Multi-State Effort to Overcome Barriers to Low-value Hardwood Lumber for CLT Manufacture

https://research.thinkwood.com/en/permalink/catalogue2633
Topic
Mechanical Properties
Material
CLT (Cross-Laminated Timber)
Organization
Virginia Polytechnic Institute and State University
Country of Publication
United States
Material
CLT (Cross-Laminated Timber)
Topic
Mechanical Properties
Keywords
Shear Analogy
Yellow Poplar
Mechanical Tests
Research Status
In Progress
Notes
Project contact is Henry Quesada at Virginia Polytechnic Institute and State University
Summary
This project is a multistate industry-university collaboration between SmartLam, the Northeastern Lumber Manufacturers Association (NELMA), the American Plywood Association (APA), IKD Architectures, Virginia Tech, and Purdue University to advance the utilization of hardwood lumber for the fabrication of Cross- Laminated Timber (CLT).

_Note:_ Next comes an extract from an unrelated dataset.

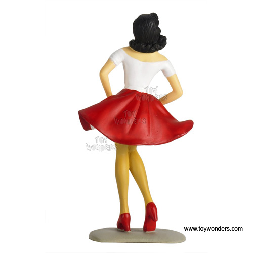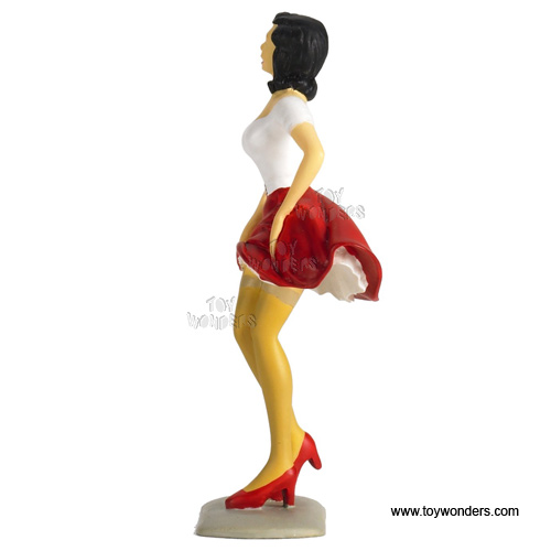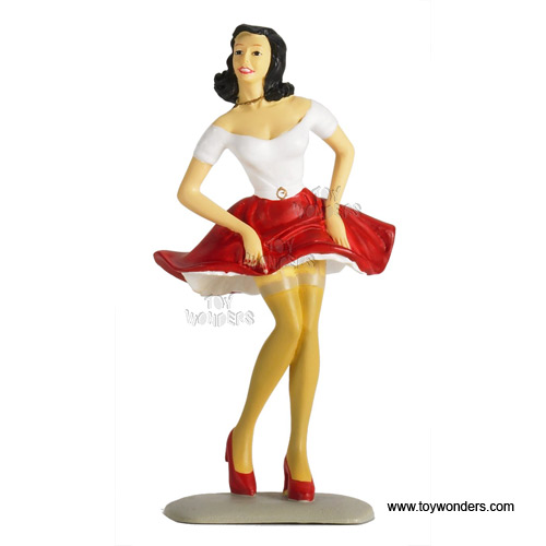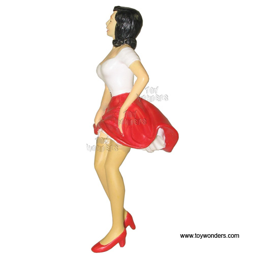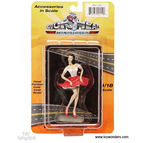 150W Motorhead Miniatures Figurine - 1:18 scale Lady Mimi in WHITE shirt & RED skirt. Hand painted cold-cast resin. This figure is about 4" height and great for decorating 1:18 scale cars and dioramas. These figures are manufactured by Motorheads. Individually packed in a blister card. Card size: 5" x 7.75". 150

This new proposal builds upon a previous Wood Innovation project. The collaboration among the organizations proposes to: 1) apply the shear analogy method to hardwood species listed in the National Design Standards (NDS) supplement to assure these species are feasible for the construction of structural CLT panels, 2) create a custom grade CLT layup made of yellow poplar (Liriodendron tulipifera) lumber and get its approval by the Engineered Wood Association (APA), 3) train the hardwood industry in the Midwest and in the Southeast on the application of hardwood structural lumber grading rules, and 4) perform mechanical testing on the hardwood CLT panels used in the Conversation Plinth project by IKD Architectures in Columbus, IN. In 2012 Virginia Tech conducted the first experimental tests on hardwood CLT panels. Results indicated that bonding, strength, and stiffness of yellow poplar CLT panels matched or were superior to some of the softwood CLT layups in the APA standard. Similar results were also obtained by independent testing conducted by the American Hardwood Export Council (AHEC) in 2018. However, further investigation by Virginia Tech found that the main limitations for the use of yellow poplar and other low value hardwood species in CTL panels are 1) lack of experimental data on other hardwood species used in CLT panels, 2) lack of supply of structurally graded hardwood lumber, and 3) acceptance and validation of hardwood CLT panels by the APA standard. Overcoming these limitations is critical for the hardwood lumber industry in order to gain access to the CLT market. Currently, the annual production of CLT panels in the US is about 35,000 m3 but it is expected that in 10 years production will be close to 2 million m3 per year. The outcomes of this project are to increase the utilization of low-value hardwood species from national and private forests and to increase economic development in rural areas in the hardwood regions of the US.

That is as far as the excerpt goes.